В этот день, 25 августа, на основании постановления Временного правительства, Корнилов подписал приказ о создании Отдельной Петроградской армии.

Крымов встретил Добрынского. Они были знакомы.

- Перехожу в распоряжение военного министра, - сообщил Крымов. - Если послезавтра, большевики всё же выступят, отобью у них всякую охоту к бунту.

- А Совет рабочих и солдатских депутатов? – спросил Добрынский.

- О нём не знаю. Но если поддержат большевиков, я свой долг перед Родиной исполню.

В этот день в качестве главнокомандующего Отдельной Петроградской армии Крымов издал указ, где на территориях расположения армии объявлялось военное положение.

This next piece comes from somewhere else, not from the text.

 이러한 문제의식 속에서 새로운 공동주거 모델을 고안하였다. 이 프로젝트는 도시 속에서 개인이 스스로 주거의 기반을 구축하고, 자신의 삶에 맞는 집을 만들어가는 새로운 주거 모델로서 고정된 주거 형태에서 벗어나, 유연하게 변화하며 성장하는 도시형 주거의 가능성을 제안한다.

На них вводился комендантский час, запрещались забастовки, митинги, собрания, населению предписывалось добровольно сдать имеющиеся у него оружие. Последний параграф указа гласил: « Предупреждаю всех, что на основании повеления Верховного главнокомандующего войска не будут стрелять в воздух»

Крымов выехал из Могилёва в полдень 26 августа.

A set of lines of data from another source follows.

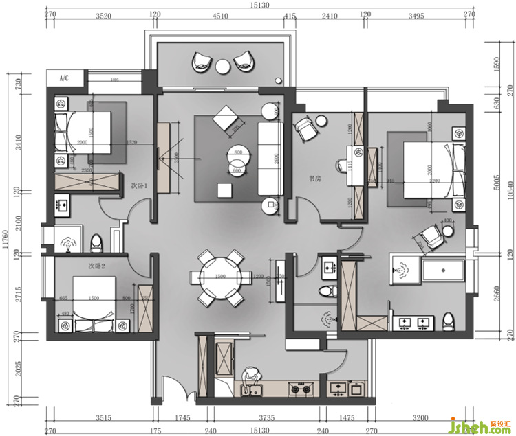 此案是華潤城潤府精裝房軟裝設(shè)計案例,室內(nèi)設(shè)計師在原始精裝格局不變的情況下,做了如下軟裝的搭配與設(shè)計:
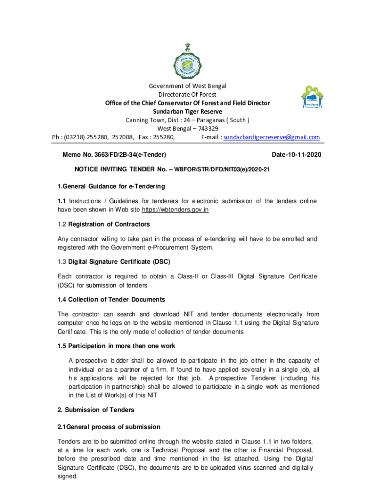 Government of West Bengal Directorate Of Forest Office of the Chief Conservator Of Forest and Field Director Suburban Tiger Reserve Canning Town, Dist : 24 Paragons (South) West Bengal 743329 pH :
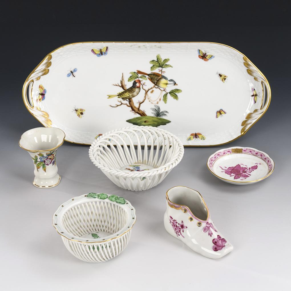 Oval tray with Rothschild decoration (L 36 cm), vase (H 7 cm) and wicker basket (Ø 13 cm) with polychrome Indian floral decoration, small bowl (Ø 9,5 cm) and decorative shoe (L 10,5 cm) with purple Indian floral painting and wicker basket with green Indian floral painting (Ø 10 cm).
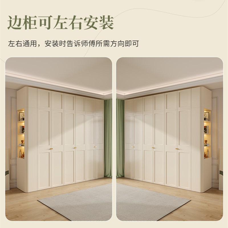 法式奶油风衣柜卧室平开门柜子小户型衣柜家用卧室实木大衣橱现代

Всё шло своим чередом, Завойко, Аладьин и полковник Голицын обсуждали военную диктатуру и приезд в Могилёв Керенского, Корнилов работал над бумагами и никто не знал, что этим вечером Керенский назначил Львову аудиенцию.

 

Керенский встретил Львова вопросом:

- Вы всё по тому же делу?

- Не совсем. Я к вам от Корнилова с предложением.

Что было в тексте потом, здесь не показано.